I am not going to pay for two hundred different web publications, reading on the average one or two articles a year in each of them.
My ideal payment method, both for web publication articles and for software, would be a voucher / ticket based system: I would go to a ticket office to deposit to my account the pay for, say, 50 general vouchers/tickets. Whenever I want to read an article in publication X, I would ask the ticket office: Give me one of my 50 paid-for tickets, marked for publication X, for me to show so that I can read that article I want to see.
If that ticket was for the X web site in general, not for just the one article, but valid for, say, 8 hours or 24 hours access, I might discover other articles that would make me later return, again and again. After a while I might realize that a regular subscription would be cheaper than 8- or 24 hour single tickets.
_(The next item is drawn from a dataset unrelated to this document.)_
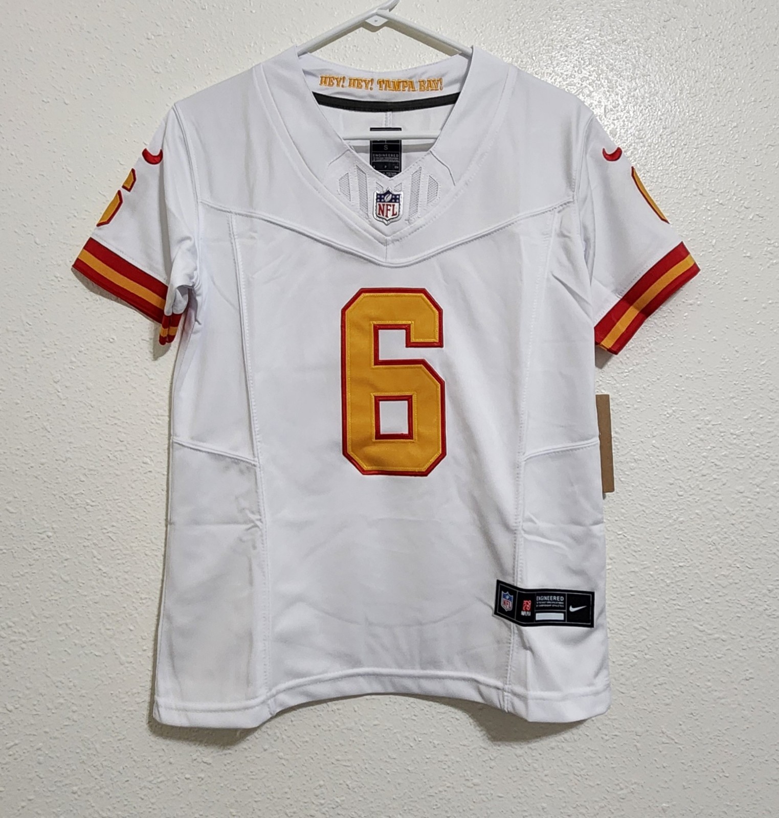 This Tampa Bay Buccaneers Baker Mayfield #6 youth jersey is size Small (8). Condition is pre-owned; check the listing for details on exact wear, tags, and any noted flaws. It’s a good option for young fans looking for team apparel for game day, school spirit, or collecting. Free shipping is included, so the total cost is easier to plan. Check the listing for details on materials, measurements, and any additional included information.

Similar for ticket based software use: If a software house would, through a ticket office (hopefully, a lot of software houses would come together for a common ticket office) sell me a 24-hour or maybe a 1-week ticket for a specific software suite, or maybe for any software from a given software house, I could pay according to my use. If 365 single-day tickets cost ten times as much as one year regular subscription: Fine with me. If I use the software more than 36 days a year, I can switch to a regular yearly subscription.
I would like such a ticket based system even if the ticket office handled only one large software vendor (MS, say) as long as I could ask for a 'cheap' ticket for one single application, or a more expensive and comprehensive ticket for a software suite (such as MS Office), all from the same account, paying for the use of different tools in the same 'currency'. It would of course be great if many software houses would agree on a common ticket office, a single 'currency'.
The software to implement such a system is more or less readily available - the Kerberos would need minimal modifications to do the job (maybe a little bit in the Ticket Granting service, both for accepting deposits to each account and for forwarding payments to the software houses according to the tickets issued). Each application would have to be instrumented to require a valid ticket for unlocking its functionality to be provided. This would be a standard mechanism, common to all - a lot of it can be picked from the way applications are 'kerberized'. A one-year or a perpetual license would use the same ticket mechanism, using tickets with a different expiration time from those provided by the ticket server.
With such a ticket based system. the threshold for accessing services would be so low that I would probably spend a lot on single tickets before realizing late that switching to a monthly/yearly subscription would be cheaper. Along the route, I would probably have seen (and spent money on) a lot of software that I might become a regular (subscription) user of, at some later time.
I never heard of anyone providing access to software (or web publications) using a ticket based system such as this. Yet I think that if some major software provider (MS, say) introduces such a system, a lot of others will say "Why didn't we think of that before?"
Religious freedom is the freedom to say that two plus two make five.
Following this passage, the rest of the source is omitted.